• [Dataset records]
=== Begin Enclosure ===

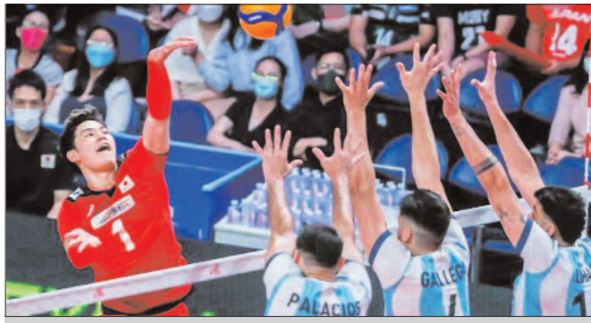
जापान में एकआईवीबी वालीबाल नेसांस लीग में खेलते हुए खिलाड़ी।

=== End Enclosure ===
=== Begin Enclosure ===

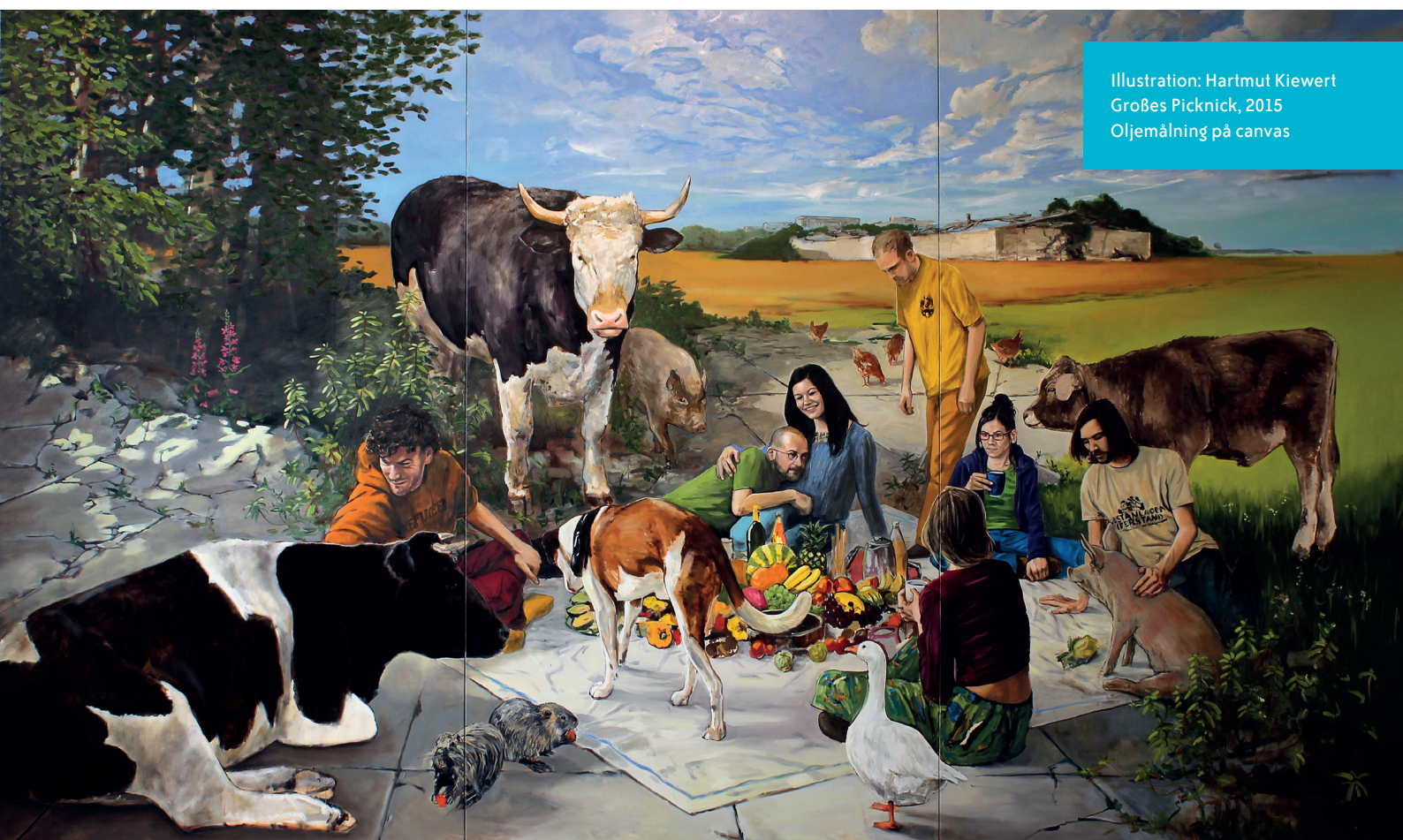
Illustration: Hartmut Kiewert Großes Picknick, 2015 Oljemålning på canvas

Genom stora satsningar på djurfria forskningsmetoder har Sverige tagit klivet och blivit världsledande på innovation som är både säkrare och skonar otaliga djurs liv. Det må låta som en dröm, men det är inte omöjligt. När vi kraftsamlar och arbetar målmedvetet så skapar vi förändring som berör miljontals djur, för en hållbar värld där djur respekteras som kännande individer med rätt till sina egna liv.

=== End Enclosure ===
=== Begin Enclosure ===

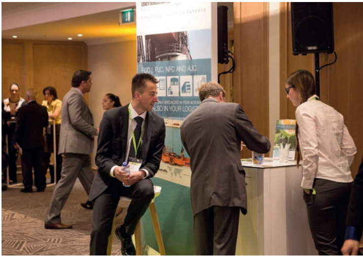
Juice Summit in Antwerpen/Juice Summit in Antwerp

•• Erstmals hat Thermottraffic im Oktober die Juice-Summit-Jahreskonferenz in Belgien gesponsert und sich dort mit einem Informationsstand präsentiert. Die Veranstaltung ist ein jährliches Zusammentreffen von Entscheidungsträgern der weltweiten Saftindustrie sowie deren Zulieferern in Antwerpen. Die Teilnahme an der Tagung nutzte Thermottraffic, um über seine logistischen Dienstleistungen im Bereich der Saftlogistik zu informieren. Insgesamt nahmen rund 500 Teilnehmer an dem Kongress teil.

=== End Enclosure ===

• [Problem requirements] From the records above, give again exactly the lines running from the line with "Illustration: Hartmut Kiewert" to the line with "Genom stora satsningar", inclusive.

• [Completed task]
Illustration: Hartmut Kiewert Großes Picknick, 2015 Oljemålning på canvas

Genom stora satsningar på djurfria forskningsmetoder har Sverige tagit klivet och blivit världsledande på innovation som är både säkrare och skonar otaliga djurs liv. Det må låta som en dröm, men det är inte omöjligt. När vi kraftsamlar och arbetar målmedvetet så skapar vi förändring som berör miljontals djur, för en hållbar värld där djur respekteras som kännande individer med rätt till sina egna liv.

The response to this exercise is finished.